- _Assigned task_
Only one span of the listing below is wanted: the lines from the one with "我后来去他的主页看了他发布的" through the one with "Snygg svart tröja", reproduced exactly, both ends kept.

- _Dataset entries_
══════

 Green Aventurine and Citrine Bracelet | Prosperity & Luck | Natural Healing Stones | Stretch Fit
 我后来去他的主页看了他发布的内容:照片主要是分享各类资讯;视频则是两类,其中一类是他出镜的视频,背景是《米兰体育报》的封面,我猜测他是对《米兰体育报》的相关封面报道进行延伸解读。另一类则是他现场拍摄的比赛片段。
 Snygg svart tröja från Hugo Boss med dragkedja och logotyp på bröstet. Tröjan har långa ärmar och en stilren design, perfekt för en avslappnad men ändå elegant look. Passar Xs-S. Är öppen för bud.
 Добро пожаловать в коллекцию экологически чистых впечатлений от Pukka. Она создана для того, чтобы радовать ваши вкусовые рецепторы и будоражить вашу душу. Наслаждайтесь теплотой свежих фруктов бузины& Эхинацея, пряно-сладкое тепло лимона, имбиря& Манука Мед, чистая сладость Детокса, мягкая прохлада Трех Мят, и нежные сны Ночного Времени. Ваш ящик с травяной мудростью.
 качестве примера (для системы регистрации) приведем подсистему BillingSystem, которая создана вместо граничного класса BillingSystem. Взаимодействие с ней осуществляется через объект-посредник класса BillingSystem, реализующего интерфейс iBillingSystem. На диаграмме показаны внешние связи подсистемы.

══════

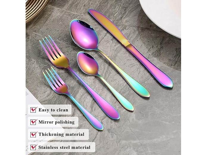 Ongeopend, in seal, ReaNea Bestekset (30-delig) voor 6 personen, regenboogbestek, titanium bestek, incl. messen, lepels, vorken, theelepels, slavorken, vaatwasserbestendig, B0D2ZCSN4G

══════

- _Response area_
 我后来去他的主页看了他发布的内容:照片主要是分享各类资讯;视频则是两类,其中一类是他出镜的视频,背景是《米兰体育报》的封面,我猜测他是对《米兰体育报》的相关封面报道进行延伸解读。另一类则是他现场拍摄的比赛片段。
 Snygg svart tröja från Hugo Boss med dragkedja och logotyp på bröstet. Tröjan har långa ärmar och en stilren design, perfekt för en avslappnad men ändå elegant look. Passar Xs-S. Är öppen för bud.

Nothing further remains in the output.